Here’s the function:
# This function estimates robust standad error for glm objects and
# returns coefficients as either logit, odd ratios or probabilities.
# logits are default
# argument x must be glm model.
# Credit to Achim here:
# http://stackoverflow.com/questions/27367974/
# different-robust-standard-errors-of-logit-regression-in-stata-and-r
# for the code in line 14 and 15
robustse <- function(x, coef = c("logit", "odd.ratio", "probs")) {
suppressMessages(suppressWarnings(library(lmtest)))
suppressMessages(suppressWarnings(library(sandwich)))
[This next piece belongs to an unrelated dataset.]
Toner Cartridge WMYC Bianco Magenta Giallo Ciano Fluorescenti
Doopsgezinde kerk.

sandwich1 <- function(object, ...) sandwich(object) *
nobs(object) / (nobs(object) - 1)
# Function calculates SE's
mod1 <- coeftest(x, vcov = sandwich1)
# apply the function over the variance-covariance matrix
if (coef == "logit") {
return(mod1) # return logit with robust SE's
} else if (coef == "odd.ratio") {
mod1[, 1] <- exp(mod1[, 1]) # return odd ratios with robust SE's
mod1[, 2] <- mod1[, 1] * mod1[, 2]
return(mod1)
} else {
mod1[, 1] <- (mod1[, 1]/4) # return probabilites with robust SE's
mod1[, 2] <- mod1[, 2]/4
return(mod1)
}
}
Now let’s give it a try. Let’s estimate two models, one with logit coefficients and robust SE’s and the same for odds ratios. Just to make sure, let’s compare it with the Stata output.
# In R for logit coefficients and robust standard errors:
suppressMessages(suppressWarnings(library(haven)))
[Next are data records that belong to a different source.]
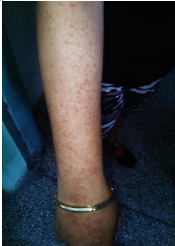
Figura 2. Máculas hiperpigmentadas puntiformes en miembro superior derecho al acudir a consulta.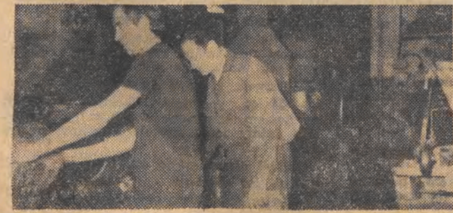
W odlewni pracownicy stereotypii odlewają w ołowiu kolumny.

Tu w tej długiej hali Zakładów Graficznych RSW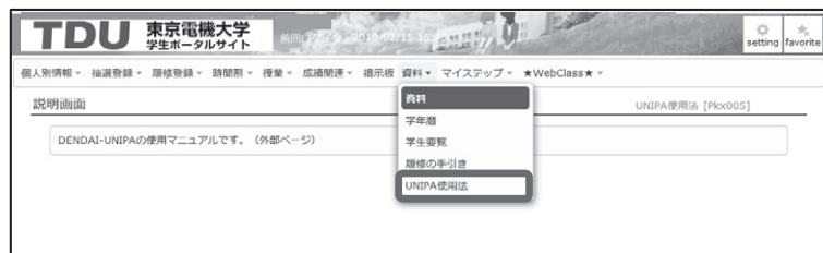
図 2 UNIPA 使用法

詳しい操作方は、UNIPA 内の「資料」タブにある「UNIPA 使用法」より確認してください。(図 2)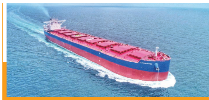
208,000DWT 纽卡斯尔型散货船

dat <- read_dta("http://www.stata-press.com/data/r9/quad1.dta")
mod1 <- glm(z ~ x1 + x2 + x3, dat, family = binomial)
robustse(mod1, coef = "logit")
##
## z test of coefficients:
##
## Estimate Std. Error z value Pr(>|z|)
## (Intercept) 0.091740 0.025869 3.5464 0.0003905 ***
## x1 0.024050 0.025869 0.9297 0.3525395
## x2 0.157143 0.089715 1.7516 0.0798448 .
## x3 0.190162 0.089418 2.1267 0.0334490 *
## ---
## Signif. codes: 0 '***' 0.001 '**' 0.01 '*' 0.05 '.' 0.1 ' ' 1
# In Stata for logit coefficients and robust standard errors:
use http://www.stata-press.com/data/r9/quad1.dta, clear
logit z x1 x2 x3, robust
# ------------------------------------------------------------------------------
# | Robust
# z | Coef. Std. Err. z P>|z| [95% Conf. Interval]
# -------------+----------------------------------------------------------------
# x1 | .02405 .0258693 0.93 0.353 -.0266528 .0747529
# x2 | .1571428 .0897145 1.75 0.080 -.0186944 .33298
# x3 | .190162 .0894185 2.13 0.033 .014905 .3654189
# _cons | .09174 .0258686 3.55 0.000 .0410386 .1424415
# ------------------------------------------------------------------------------
# In R for odd ratios with adjusted standard errors
robustse(mod1, coef = "odd.ratio")
##
## z test of coefficients:
##
## Estimate Std. Error z value Pr(>|z|)
## (Intercept) 1.096080 0.028354 3.5464 0.0003905 ***
## x1 1.024342 0.026499 0.9297 0.3525395
## x2 1.170163 0.104981 1.7516 0.0798448 .
## x3 1.209445 0.108147 2.1267 0.0334490 *
## ---
## Signif. codes: 0 '***' 0.001 '**' 0.01 '*' 0.05 '.' 0.1 ' ' 1
# In Stata for odd ratios with adjusted standard errors
logit z x1 x2 x3, robust or
# ------------------------------------------------------------------------------
# | Robust
# z | Odds Ratio Std. Err. z P>|z| [95% Conf. Interval]
# -------------+----------------------------------------------------------------
# x1 | 1.024342 .026499 0.93 0.353 .9736992 1.077618
# x2 | 1.170163 .1049806 1.75 0.080 .9814792 1.395119
# x3 | 1.209445 .1081467 2.13 0.033 1.015017 1.441118
# _cons | 1.09608 .028354 3.55 0.000 1.041892 1.153086
# ------------------------------------------------------------------------------
You can also use the stargazer
package to produce nicely formatted tables with these new estimates and it should be exactly the same.
UPDATE: I’ve included this function my personal package which you can install with devtools::install_github("cimentadaj/cimentadaj")
. Feel free to make any pull requests in the github repo.